E’ un qualcosa di impegnativo che richiede sacrificio e sforzo per qualcuno, ma è uno sforzo da compiere, così come è faticoso andare in palestra per fare un bel fisico scolpito e stare in forma. Molti si preoccupano molto del proprio fisico e del loro aspetto esteriore, sudano in palestra, si sottopongono a trattamenti dolorosi o invasivi, in breve fanno sacrifici, ma forse in pochi sono disposti a fare sacrifici per sviluppare un qualcosa di più intimo.

Sicuramente molto può influire l’attitudine “innata”; ad alcuni non pesa molto andare in palestra, non la vivono con sacrificio e fatica, così come ad alcuni risulta più facile stare da soli, semplicemente perché ci sono portati o abituati, magari perché hanno iniziato a far “pratica” e ad “allenarsi” in modo inconsapevole, trovandosi ad una certa età già con delle belle spalle larghe.

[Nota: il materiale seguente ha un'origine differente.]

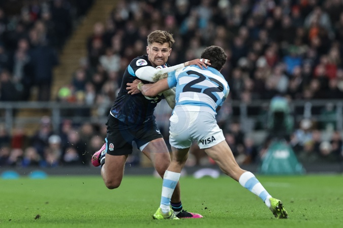 Henry Slade of England is tackled by Agustin Moyano of Argentina during the Quilter Nations Series 2025 match England vs Argentina at Allianz Stadium, Twickenham, United Kingdom, 23rd November 2025, Credit:Mark Cosgrove/News Images / Avalon

Si fa un gran parlare di “indipendenza” e “solitudine” sulle pagine di riviste più o meno patinate, spesso con fastidio noto che sembra che tali riviste vogliano strizzare l’occhio al lettore suggerendogli cose tipo: “sì, anche tu sei un figo solitario” (a prescindere se ciò sia vero), come se una persona che sceglie un grado più o meno marcato di solitudine sia un supereroe da ammirare. Ecco, togliamo quest’aura da “Übermensch” all’argomento che rischia di banalizzare un qualcosa che non è affatto banale, anzi.
Come dicevo, credo che soprattutto per alcuni sia necessario ed importante fare i conti con la “solitudine” e tentare di allenarsi per sviluppare questa dote che apporta anche notevoli benefici. A scuola ci hanno insegnato che l’uomo è un “animale sociale” (Aristotele), nella vita di tutti i giorni vediamo che questa “socialità”, sia essa sana o malata, si è spinta molto in avanti eliminando le barriere dello spazio,in una epoca delle connessioni a banda larga. Va tutto bene, nessuno pretende di predicare l’ascetismo o la “disconnessione”, ma dobbiamo fare attenzione perché tutto questo ha fatto sparire quel tempo in cui uno può giovarsi della compagnia di se stesso o dell’assenza totale di compagnia. Questo a mio avviso conduce ad un risultato poco piacevole: si ricerca la compagnia per noia, per incapacità di godere della solitudine. Vista sotto questa ottica la compagnia soddisfa un bisogno egoistico: “sto con te per non stare solo con me” che non è un “sto con te perché ho piacere a star con te” e ciò banalizza anche il concetto di compagnia, di amicizia, di amore, insomma di rapporto umano in senso lato.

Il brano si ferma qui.